Add files to Cloud Storage via URL

How to add files to Google Cloud Storage by inputting a URL

Introduction

Verily Workbench allows users to add files to Google Cloud Storage buckets by providing a URL to some data that can be written to a file. Any public URL can be provided so long as it is resolvable. Additionally, Verily Workbench will perform special parsing logic for certain URL patterns. Below is a guide on how to use this feature, as well as an explanation of special rules that apply to specific URL RegEx patterns.

Adding files via URL

To begin the process of adding a file to a Google Cloud Storage bucket from a given URL, first select an existing bucket in the Resources tab of a Workspace. Then select the Add file via URL button in the details pane. This button is also available when clicking folders within the bucket browser.
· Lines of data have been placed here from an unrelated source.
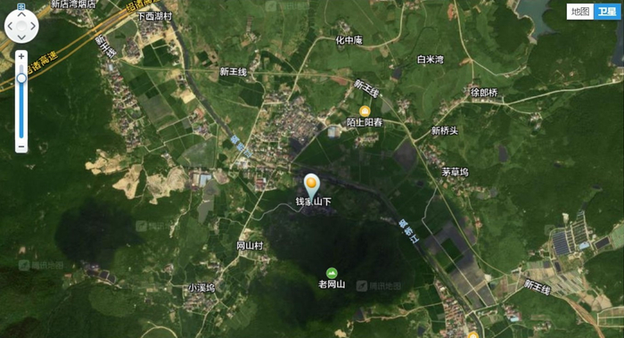 在卫星地图可以查到老网山、钱家山下及其周边村落。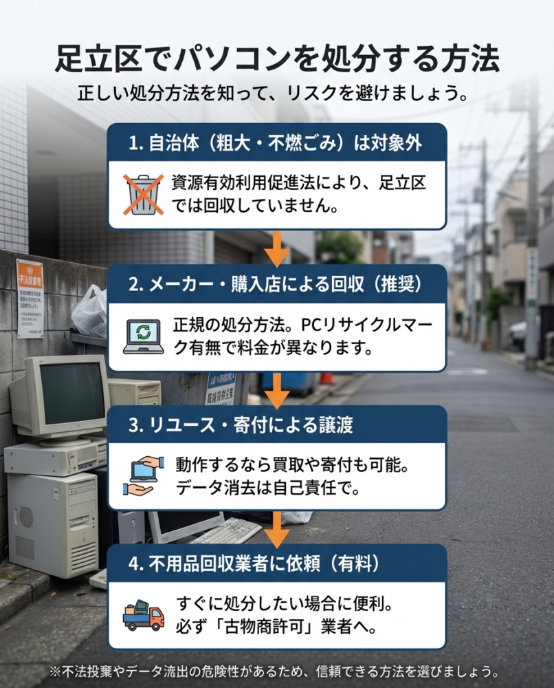 ① 自治体(足立区)のごみ処分制度を使う方法:基本的に教科書は「資源ごみ(雑がみ)」として回収されます。週に1回の資源ごみの日に、ひもで十字にしばって出せば無料で処分できます。破れていたり、水に濡れてリサイクルできない状態なら「可燃ごみ」としてゴミ袋に入れて出しましょう。粗大ごみでは扱われませんので注意してください。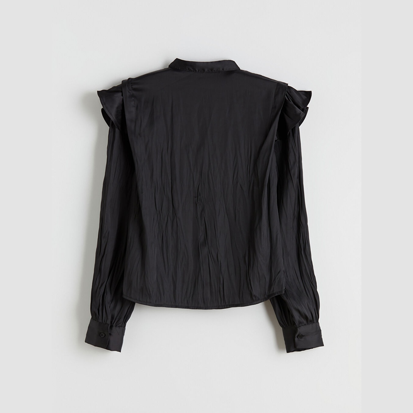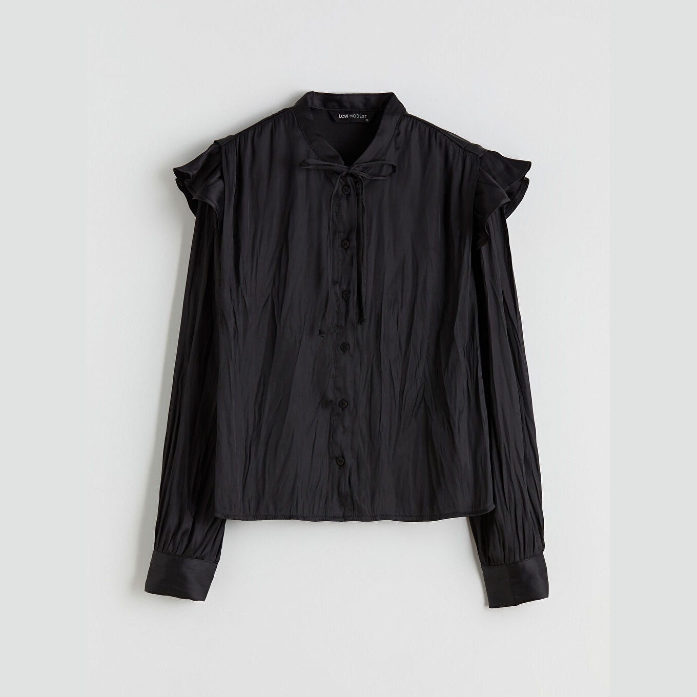 بلوز أنيق بلون أسود سادة من مجموعة LCW Modest – الأزياء المحتشمة، يتميز بياقة مربوطة أنثوية تضيف لمسة ناعمة، وكشكش أمامي يمنح التصميم حيوية وانسيابية. القصة فضفاضة (Loose Fit) تمنحك مظهرًا مريحًا وعصريًا. مصنوع من خامة ساتان خفيفة وناعمة بتركيبة %100 بوليستر، بأكمام طويلة، بسماكة خفيفة، بطول يصل إلى الورك، ويُغلق بأزرار أمامية، مثالي للتنسيق مع البنطال القماشي أو الجينز في الإطلالات اليومية أو العملية.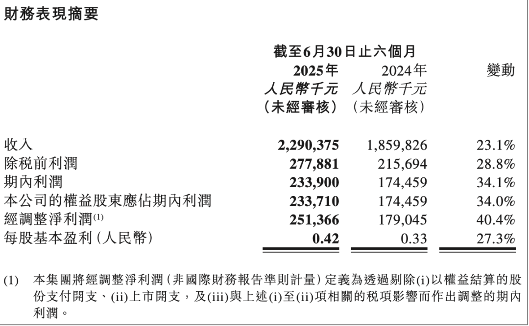 8月25日,绿茶集团(06831.HK)发布了上市以来首份半年报。半年报显示,绿茶集团上半年营收22.9亿元,同比增长23.1%;股东应占利润2.34亿,同比增长34%;经调整净利润2.51亿元,同比大涨40.4%。绿茶集团表示,报告期内,公司的收入主要来自餐厅经营及外卖。其称,公司已建立数字化、标准化且可扩展的业务模式,以数字化的餐厅及营运管理、灵活的供应链安排以及全面和严格的食品及营运安全控制体系作支援。
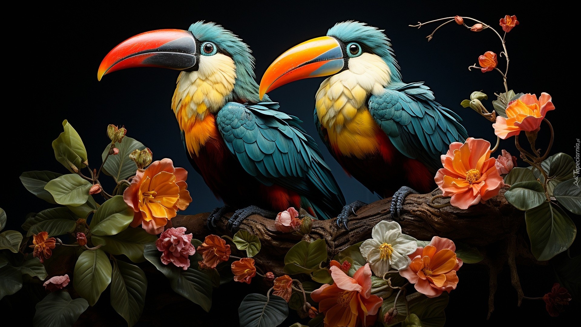 Edytor tapety: Dwa tukany na konarze z kolorowymi kwiatami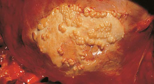 The dome of the diaphragm is shown below with a smooth, pearly white, nodular plaque. The patient had significant exposure to asbestos. What is shown below?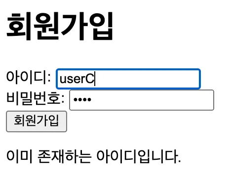 model.addAttribute("error", "이미 존재하는 아이디입니다.");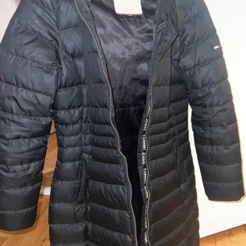Tommy Hilfiger vinterjakke i str. M. Lang, sort dunjakke med gennemgående lynlås foran. Jakken har hætte med pelskant og vandrette quiltede syninger. Fremstillet med dunfyld for isolering og varme i koldt vejr. Velegnet som yderjakke i vinterhalvåret.

A modal will open in which the user can add the source URL and the destination file path in the bucket. In this example we will use the Cram To Bam WDL workflow stored at URL https://raw.githubusercontent.com/gatk-workflows/seq-format-conversion/master/cram-to-bam.wdl. The UI will provide a default filename which the user is free to change, as we did below. The user may prefix the filename with a folder path in order to specify a destination folder (the folder does not need to exist).

After clicking the Add file to bucket button the user will be presented with a success modal.

From here, the user can click the Preview button in order to see the file in the bucket.

Custom logic for specific URL patterns

As previously mentioned, Verily Workbench uses custom logic when parsing URLs that match a specific pattern.

GA4GH Data Connect URLs

Data Connect is a standard for discovery and search of biomedical data, developed by the Discovery Work Stream of the Global Alliance for Genomics & Health. Verily Workbench provides support for importing data from the table/data and table/search endpoints of the specification.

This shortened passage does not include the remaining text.